**Exercise directions:** Return all the data exactly, keeping the pictures out.

**Dataset entries:**
* * *
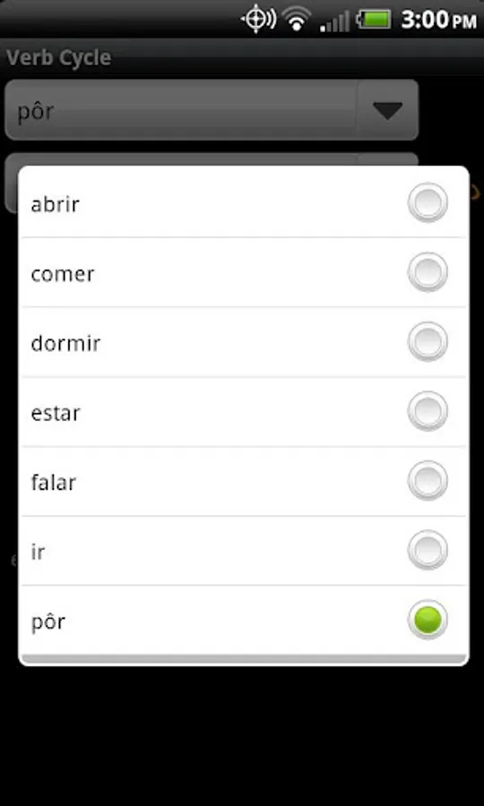 The free version of Verb Cycle Português comes with seven verbs and their conjugations for all 20 tenses. Optional Verb Packs are available for purchase that each contain over 30 verbs.
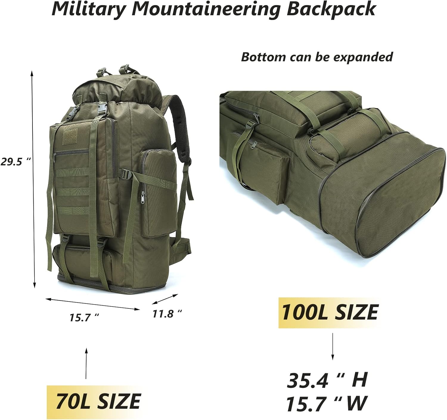【Comfortable Backpack】: Military mountaineering backpack features sweat-absorbing and breathable sponge shoulder straps with airflow channels to keep your back cool and dry. This molle mountaineering backpack features 2cm thick cellular foam padding to relieve shoulder pressure.
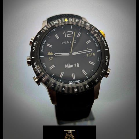 Garmin MARQ Aviator GPS Smartklokke med svart reim. Klokken har avanserte funksjoner for navigasjon og flyrelaterte data, samt en robust design egnet for luftfartsbrukere. Leveres i original emballasje med tilbehør og brukerveiledning.
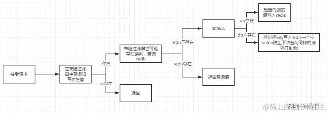 产生原因:大量请求来获取redis中不存在的值,因为redis中不存在所以请求直接打到db上,导致db压力过大宕机
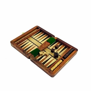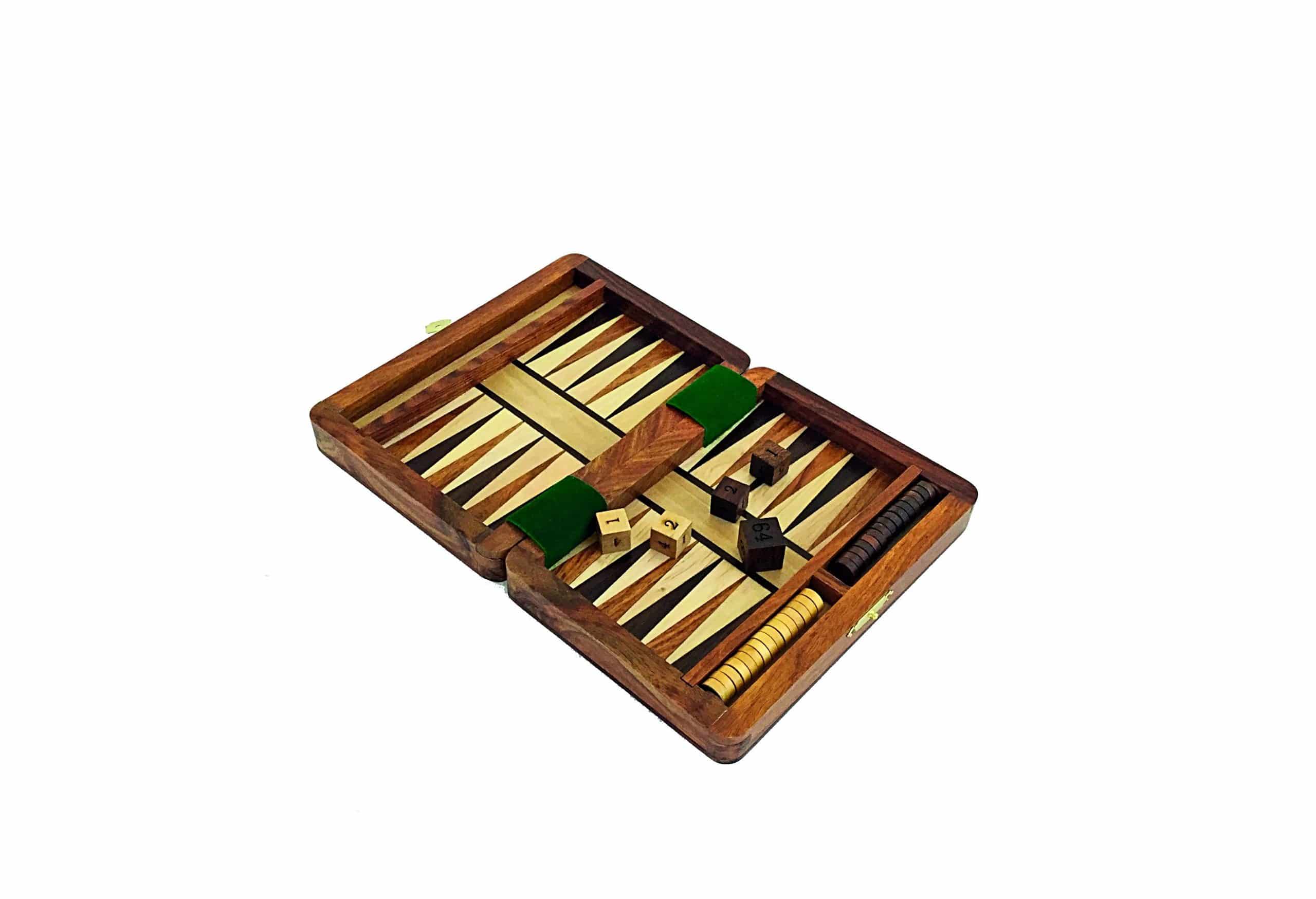 Un bonito pequeño conjunto de Backgammon de viaje realizado completamente a mano por artesanos italianos especializados en el trabajo de la madera con los que hemos trabajado durante años.
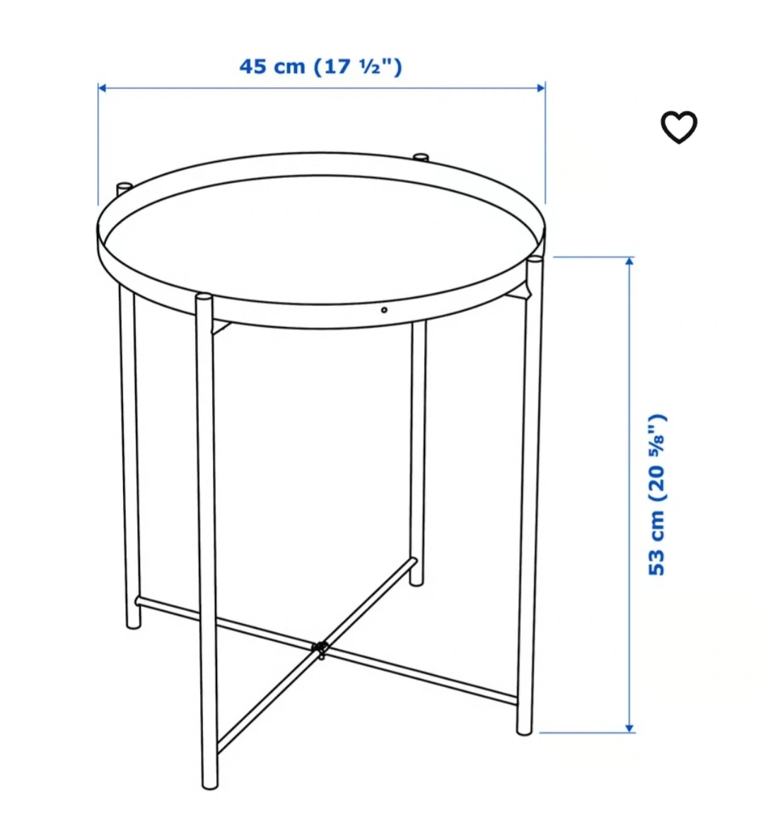 A handy side table with a removable tray top. It's perfect for placing drinks or snacks next to a sofa or chair. Measures 45 cm (17 1/2") in diameter and 53 cm (20 5/8") high.
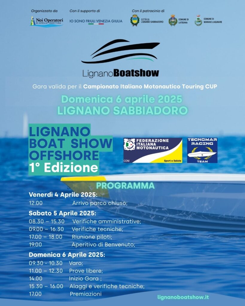 4 aprile 2025 - Sabato 5 e domenica 6 aprile prenderà il via, per la prima volta da Lignano Sabbiadoro, il Campionato Italiano Diporto categoria Touring Cup. La competizione è organizzata dalla Federazione Italiana Motonautica (FIM) e dall’ASD Team Tecnomar Racing nell’ambito della 7^ edizione della Lignano Boat Show, la più grande fiera della piccola nautica da diporto e dei servizi nautici, realizzata dall’Associazione Noi Operatori di Aprilia Marittima, in collaborazione con Promoturismo FVG e con il patrocinio dei comuni di Lignano Sabbiadoro, Latisana e Marano Lagunare.
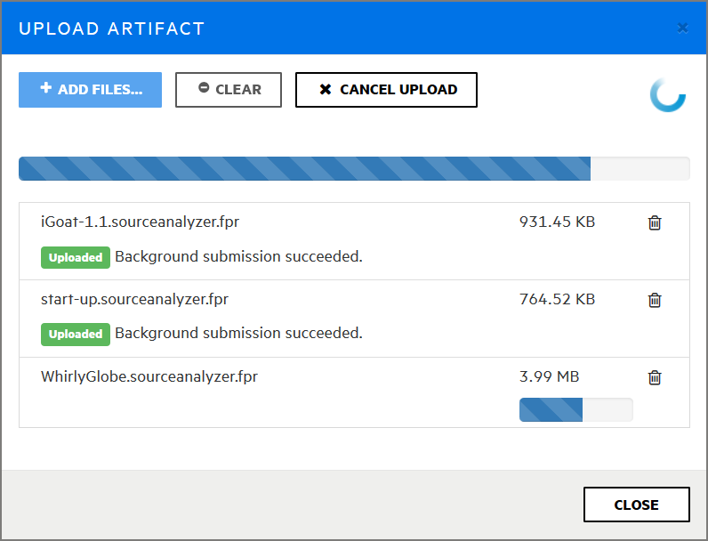 Formats supported for artifact upload are FPR, XML, and, for third-party artifacts, ZIP.
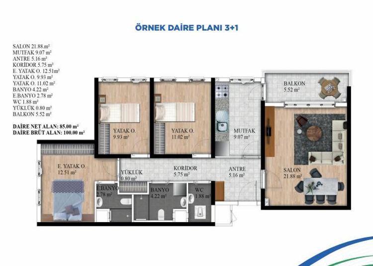 Buyrunuz kullanışlı bir 3+1 daire şemasına (resmin üzerine tıklayarak planı büyütebilirsiniz)
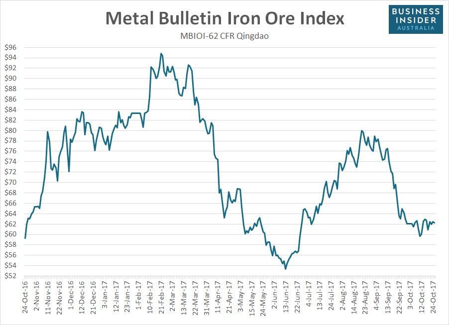 According to Metal Bulletin, the spot price for benchmark 62% fines fell 0.3% to $62.24 a tonne, extending the sequence of moving in the opposite direction from the day before to five.
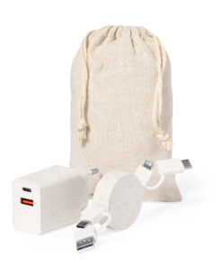 Set aus USB-Wandladegerät mit Schnellladung und Ladekabel mit Datenübertragung, hergestellt aus Weizenfaser. Ladegerät mit USB- und Typ-C-Ausgang und verlängerbarem Kabel mit Micro USB-, Typ-C- und Lightning-Anschluss. Europäischer Stecker. Präsentiert in einem Beutel aus natürlicher Rohbaumwolle mit Kordelzugverschluss.Das Weizenrohr fördert die Verwendung von natürlichen Rohstoffen und reduziert so die Schadstoffemissionen.
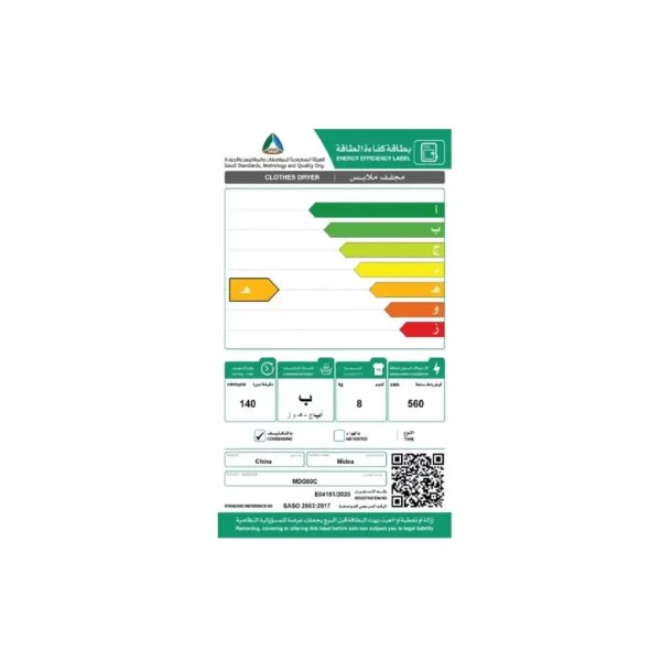 مواصفات مجفف ملابس ميديا تعبئه اماميه 8 كيلو 16 برنامج تجفيف بالتكثيف / ابيض – MDG80C
* * *
**Solution:**
 The free version of Verb Cycle Português comes with seven verbs and their conjugations for all 20 tenses. Optional Verb Packs are available for purchase that each contain over 30 verbs.
【Comfortable Backpack】: Military mountaineering backpack features sweat-absorbing and breathable sponge shoulder straps with airflow channels to keep your back cool and dry. This molle mountaineering backpack features 2cm thick cellular foam padding to relieve shoulder pressure.
 Garmin MARQ Aviator GPS Smartklokke med svart reim. Klokken har avanserte funksjoner for navigasjon og flyrelaterte data, samt en robust design egnet for luftfartsbrukere. Leveres i original emballasje med tilbehør og brukerveiledning.
 产生原因:大量请求来获取redis中不存在的值,因为redis中不存在所以请求直接打到db上,导致db压力过大宕机
 Un bonito pequeño conjunto de Backgammon de viaje realizado completamente a mano por artesanos italianos especializados en el trabajo de la madera con los que hemos trabajado durante años.
 A handy side table with a removable tray top. It's perfect for placing drinks or snacks next to a sofa or chair. Measures 45 cm (17 1/2") in diameter and 53 cm (20 5/8") high.
 4 aprile 2025 - Sabato 5 e domenica 6 aprile prenderà il via, per la prima volta da Lignano Sabbiadoro, il Campionato Italiano Diporto categoria Touring Cup. La competizione è organizzata dalla Federazione Italiana Motonautica (FIM) e dall’ASD Team Tecnomar Racing nell’ambito della 7^ edizione della Lignano Boat Show, la più grande fiera della piccola nautica da diporto e dei servizi nautici, realizzata dall’Associazione Noi Operatori di Aprilia Marittima, in collaborazione con Promoturismo FVG e con il patrocinio dei comuni di Lignano Sabbiadoro, Latisana e Marano Lagunare.
 Formats supported for artifact upload are FPR, XML, and, for third-party artifacts, ZIP.
 Buyrunuz kullanışlı bir 3+1 daire şemasına (resmin üzerine tıklayarak planı büyütebilirsiniz)
 According to Metal Bulletin, the spot price for benchmark 62% fines fell 0.3% to $62.24 a tonne, extending the sequence of moving in the opposite direction from the day before to five.
 Set aus USB-Wandladegerät mit Schnellladung und Ladekabel mit Datenübertragung, hergestellt aus Weizenfaser. Ladegerät mit USB- und Typ-C-Ausgang und verlängerbarem Kabel mit Micro USB-, Typ-C- und Lightning-Anschluss. Europäischer Stecker. Präsentiert in einem Beutel aus natürlicher Rohbaumwolle mit Kordelzugverschluss.Das Weizenrohr fördert die Verwendung von natürlichen Rohstoffen und reduziert so die Schadstoffemissionen.
 مواصفات مجفف ملابس ميديا تعبئه اماميه 8 كيلو 16 برنامج تجفيف بالتكثيف / ابيض – MDG80C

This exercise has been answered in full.